Directions for this task = The copy should begin at the line containing "V objevivším se" and end with the last line below, every line exact and no picture included.

# # # # # # #

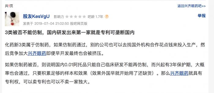 有股吧投资者指出,“兴齐药业被否的化药新3类属于仿制药,如果仿制药通过,别的公司也可以去找国外机构合作花点钱来投入生产,然后竞争加大兴齐眼药即便早开发最终也会被挤压。”
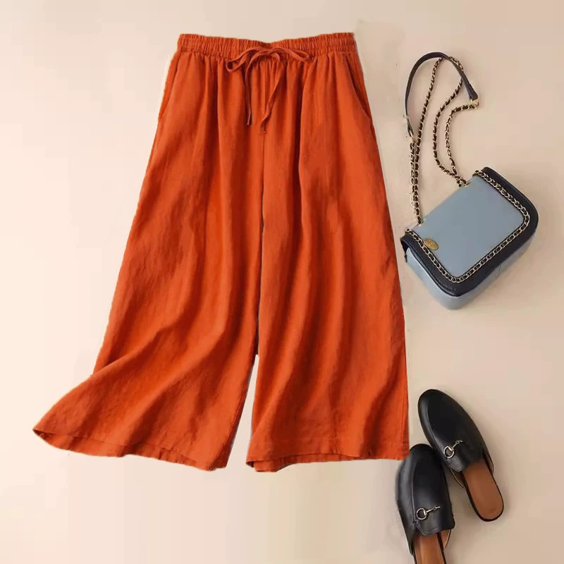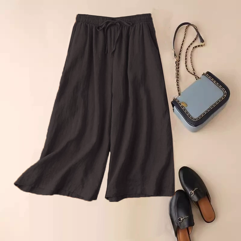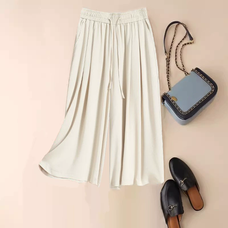 | nameOriginal | Solid color women's three-quarter draped loose wide-leg pants for big feet |
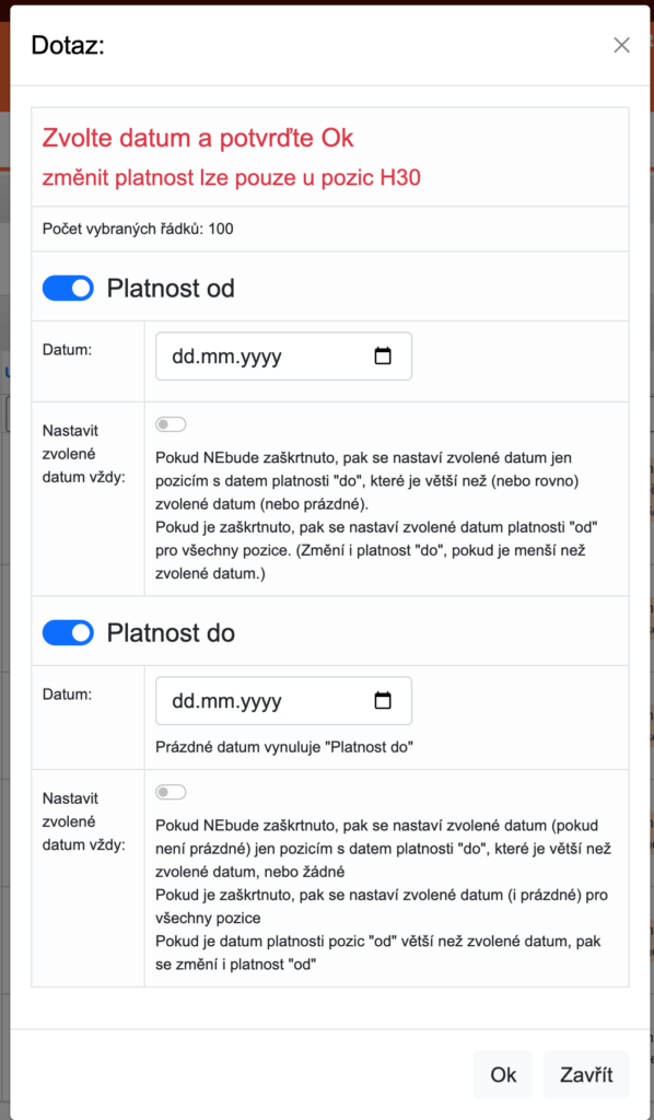 V objevivším se okně je možné vybrat, které datumy se budou měnit a možnost změny datumu u všech pozic versus u pozic s nižším datumem než je ten nový.
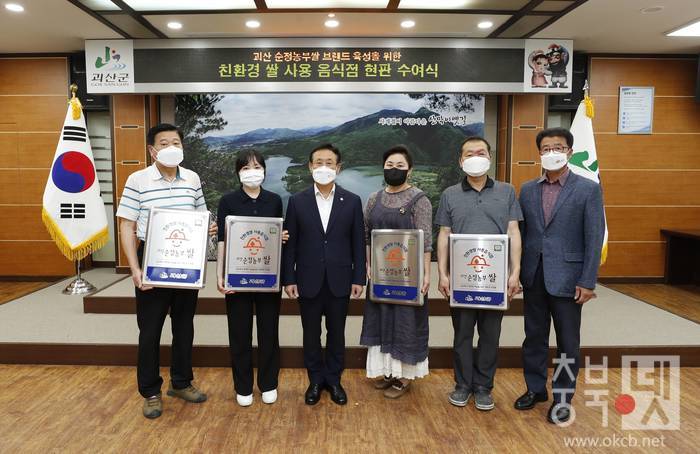 [충북넷=오홍지 기자] 괴산군이 13일 친환경 쌀 사용 음식점을 추가로 지정해 현판을 수여했다.
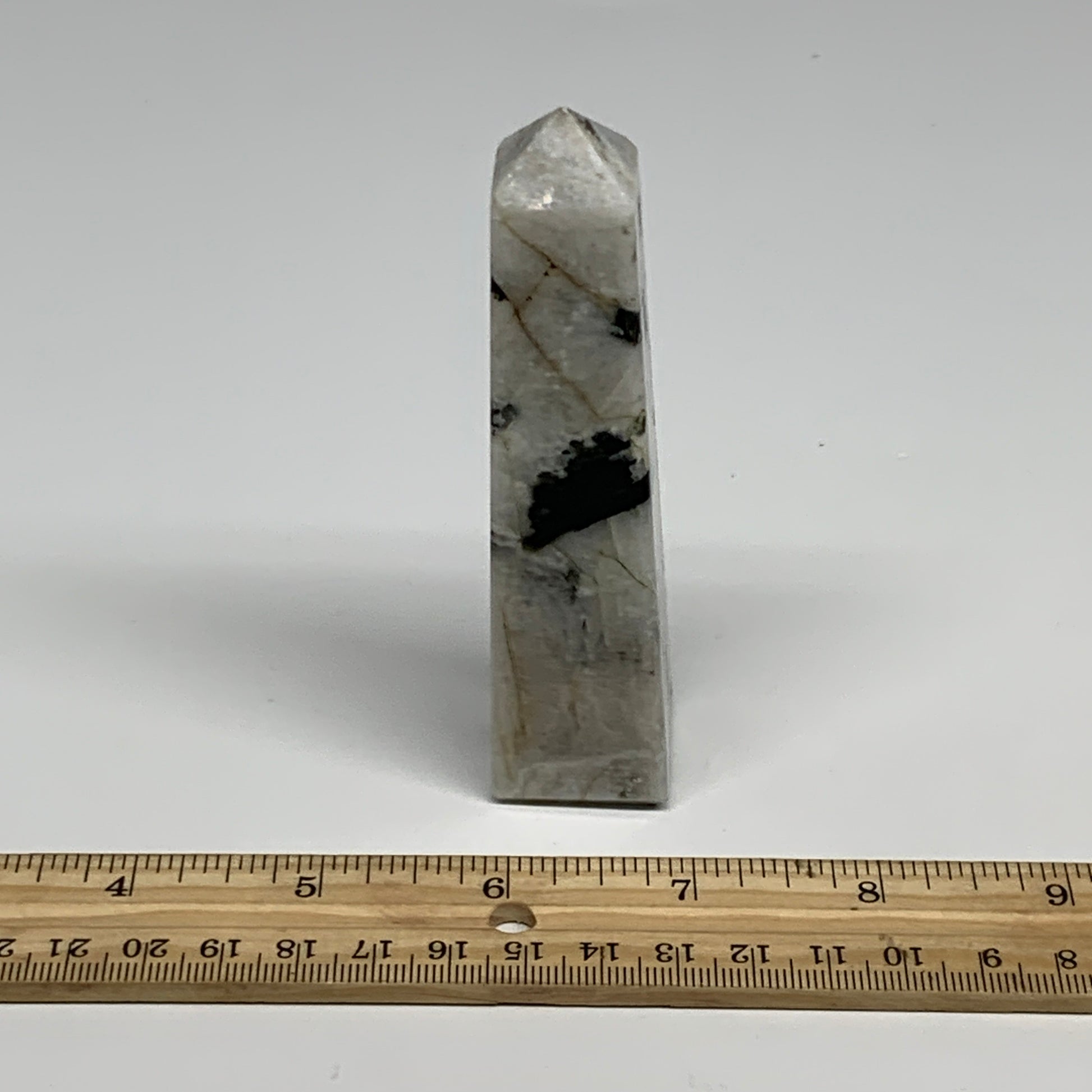 115.7g, 4.1"x1"x1." Rainbow Moonstone Tower Obelisk Point Crystal @India,B29304
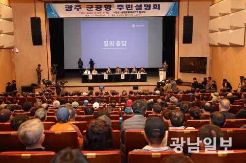 1일 전남 무안군 승달문화예술회관 대강당에서 열린 광주 군공항 주민 설명회에서 질의응답이 이뤄지고 있다. 최기남 기자 bluesky@gwangnam.co.kr

# # # # # # #

Result for this exercise =
 V objevivším se okně je možné vybrat, které datumy se budou měnit a možnost změny datumu u všech pozic versus u pozic s nižším datumem než je ten nový.
 [충북넷=오홍지 기자] 괴산군이 13일 친환경 쌀 사용 음식점을 추가로 지정해 현판을 수여했다.
 115.7g, 4.1"x1"x1." Rainbow Moonstone Tower Obelisk Point Crystal @India,B29304
 1일 전남 무안군 승달문화예술회관 대강당에서 열린 광주 군공항 주민 설명회에서 질의응답이 이뤄지고 있다. 최기남 기자 bluesky@gwangnam.co.kr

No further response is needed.